The body of this paper will be separated into five sections in which I summarize the main points of each article as well as the potential weaknesses of the research. After this segment, I follow up with a section about the theoretical and policy implications of these findings, and what this could mean for the world today, as well as in the future.

In Moss, Peterson and Walle’s article, the hypothesis is that large sustained aid flows fundamentally alter the relationship between citizenry and the government. The financial flow alters the incentive of the recipient government, and may undercut the very principles the aid seeks to promote: ownership, accountability and participation. States that raise a substantial amount of revenue from the international community are less inclined to usher reform or to cultivate public institutions, having a harmful effect on institutional development. The focus of this research is specifically on Sub-Saharan Africa. As the author’s cross-sectional time series indicates, countries that receive higher levels of foreign aid exhibit lower tax shares as percent of their GDP, meaning there is less incentive to invest in and cultivate public institutions when a significant percentage of the GNI is received in foreign aid. In sum, the literature and research suggest a negative relationship between foreign aid and political development. Perhaps the greatest weakness of this research is that it covers only a period of 17 years, making it more difficult to make far-reaching conclusions regarding the data. Furthermore, the authors could control for natural resource endowment as well as cultural relativity by considering the same measurements for non-African states with lower incomes. It would also be interesting to measure the the effect of foreign aid on countries with high levels of income per capita, which could help further contextualize the data on lower income countries in Sub-Saharan Africa.

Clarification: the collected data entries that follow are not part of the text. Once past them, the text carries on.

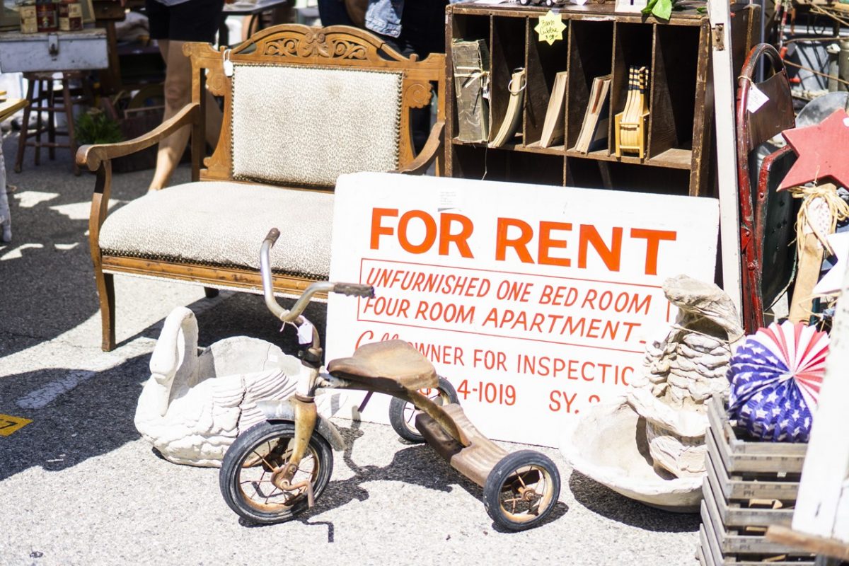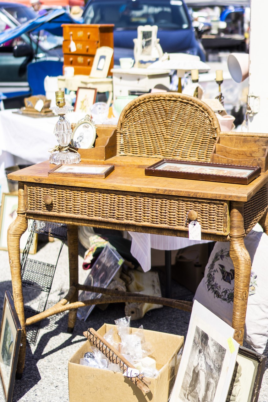 アメリカのフリーマーケットでは必ず見かける籐の家具。こちらのデスクは100ドル。
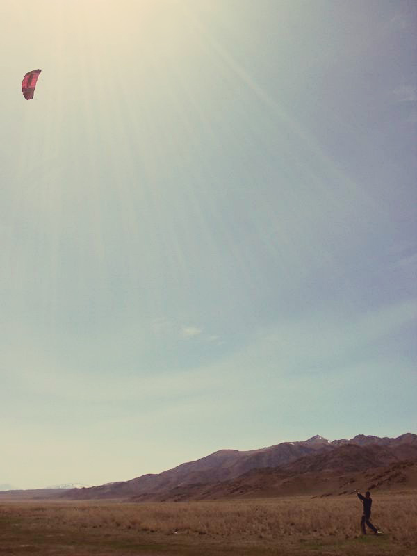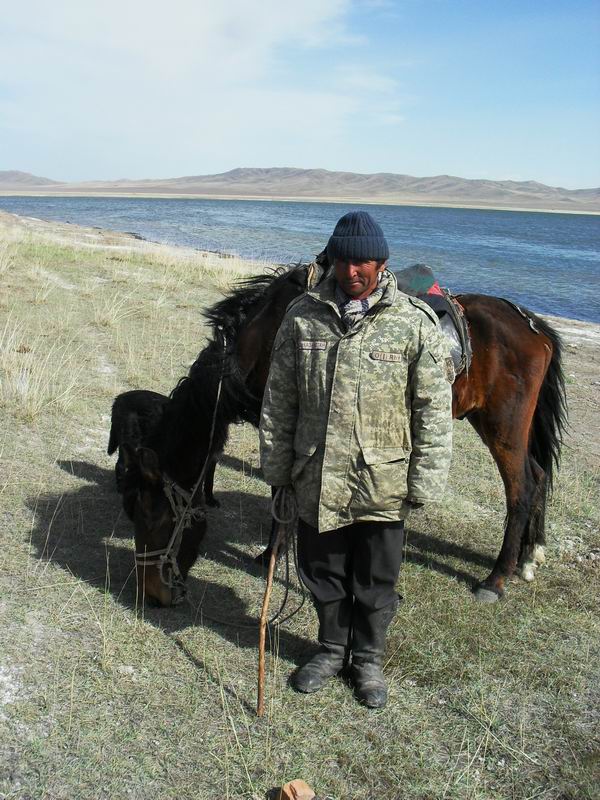 К нам подъехали чабаны. Вот этот дяденька и еще один совсем молодой очень улыбчивый, говоривший на чистейшем русском и неплохом английском. Мы познакомились с ними, а потом молодой лихо ускакал помогать Сергею вылавливать кайт из озера.
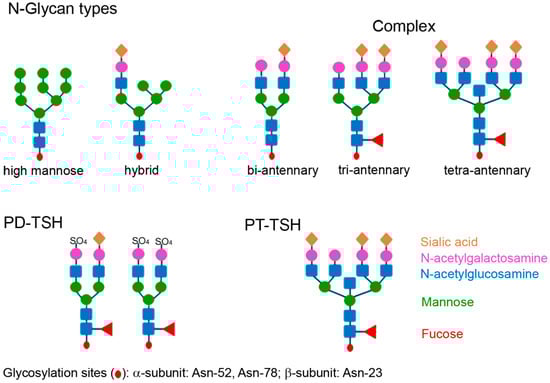 - Wide, L.; Eriksson, K. Unique Pattern of N-Glycosylation, Sialylation, and Sulfonation on TSH Molecules in Serum of Children Up to 18 Months. J. Clin. Endocrinol. Metab. 2019, 104, 4651–4659. [Google Scholar] [CrossRef] [PubMed]
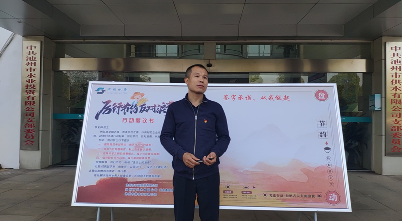 食為政首,糧安天下,為深入貫徹落實習近平總書記對制止餐飲浪費行為作出的重要指示精神,響應國家安全戰略,進一步弘揚中華民族勤儉節約的傳統美德,牢固樹立節約光榮、浪費可恥的意識,11月9日上午8點,市供水有限公司聯合池州水業、池州排水、池州水環境公司在供水公司大樓前簡單而隆重地開展“厲行節約,反對浪費”簽名承諾活動。
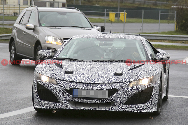 27일(현지시간), 독일 시내도로에서 주행테스트 중인 혼다의 신형 'NSX'가 카메라에 잡혔다.
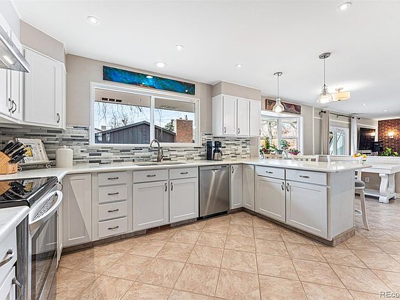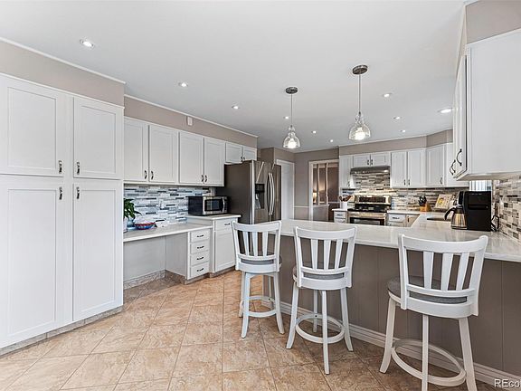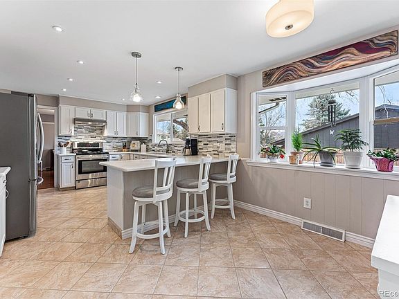 Welcome to this stunning and spacious 2-story home with inviting curb appeal on a corner lot and tucked in a cul-de-sac - offering some amazing mountain views! With an open and bright layout and finished basement, there is plenty of room for everyone. The upper level features 4 bedrooms, including a gracious primary suite, providing comfort and luxury living. The beautiful hickory engineered flooring throughout the main and upper levels adds a touch of elegance to the home. The main floor offers a versatile office space that can also be used as a 6th bedroom. Recent updates in the eat-in kitchen include quartz counters, stainless appliances, and new fixtures, creating a modern and inviting space. Convenience is provided with a main-floor laundry room. This home also features a welcoming living room, designated dining room adjacent to the kitchen, and a family room with a cozy wood-burning fireplace, perfect for gatherings and relaxation. The finished basement adds bonus living space, with a conforming bedroom, additional family room, 3/4 bath, and flex space that can be used as a home office or home gym. Great storage can be found off the utility room, ensuring everything has its place. The gorgeous fenced yard is adorned with a sizable maple tree and storage shed, providing both beauty and functionality. Parking is a breeze with the 2-car attached garage. All conveniently located within the desirable Westgate neighborhood, situated close to trails and open space—minutes from Red Rocks, local shops and dining.

Svenssons’s research in “Foreign Aid and Rent-Seeking” is rather interesting as it makes strong claims. Among other findings, Svensson argues that donors countries do not discriminate based on corruption levels, which means that foreign aid is given despite how corrupt the recipient may be. Svensson also finds that only in cases where a binding policy commitment is enacted can there be expected to be an increase in public spending. However, the data indicates that in most cases foreign aid perpetuates rent-seeking and reduces public spending. Furthermore, the data suggests that countries with competing social groups are likely to exhibit fluctuations in foreign aid. The research method was rather reliable, in that intervening variables such as infant mortality rate and arms imports so as to isolate the effects of foreign aid from the health and military dynamics of the subject states. Svens son’s control for ethnicity exposed the relative weakness of the coefficients of other variables, such as trade restrictions and protection from the international community. Of the four assumptions listed by the author, two particularly stood out. First, the assumption that that the larger the budget, the more likely a government is going to be corrupt. Perhaps stretching the boundaries of this study outside of Africa might provide a clearer indication of this assumption. What about countries with vast natural resource endowments? Are they less more or less likely to exhibit corruption? The second assumption that stood out was that donors at least partly care about the recipient’s welfare. The author suggests that much of the literature on this subject confirms the statement, however, I find it hard to believe that global hegemonies are more concerned with well-being of their recipients of foreign aid than perhaps the preservation of their own economic assets. Is it not surprising that countries which receive high levels of aid invest less in public institutions? Would this not be at the detriment of the recipient? That countries with tensions between social groups are likely to receive large swaths of foreign aid confirms this notion, in that global hegemonies are likely to provide aid if it secures their interests and prevents the threat of competing forces. How could this be regarded as “caring about the recipient’s welfare?” This leads directly into the next article.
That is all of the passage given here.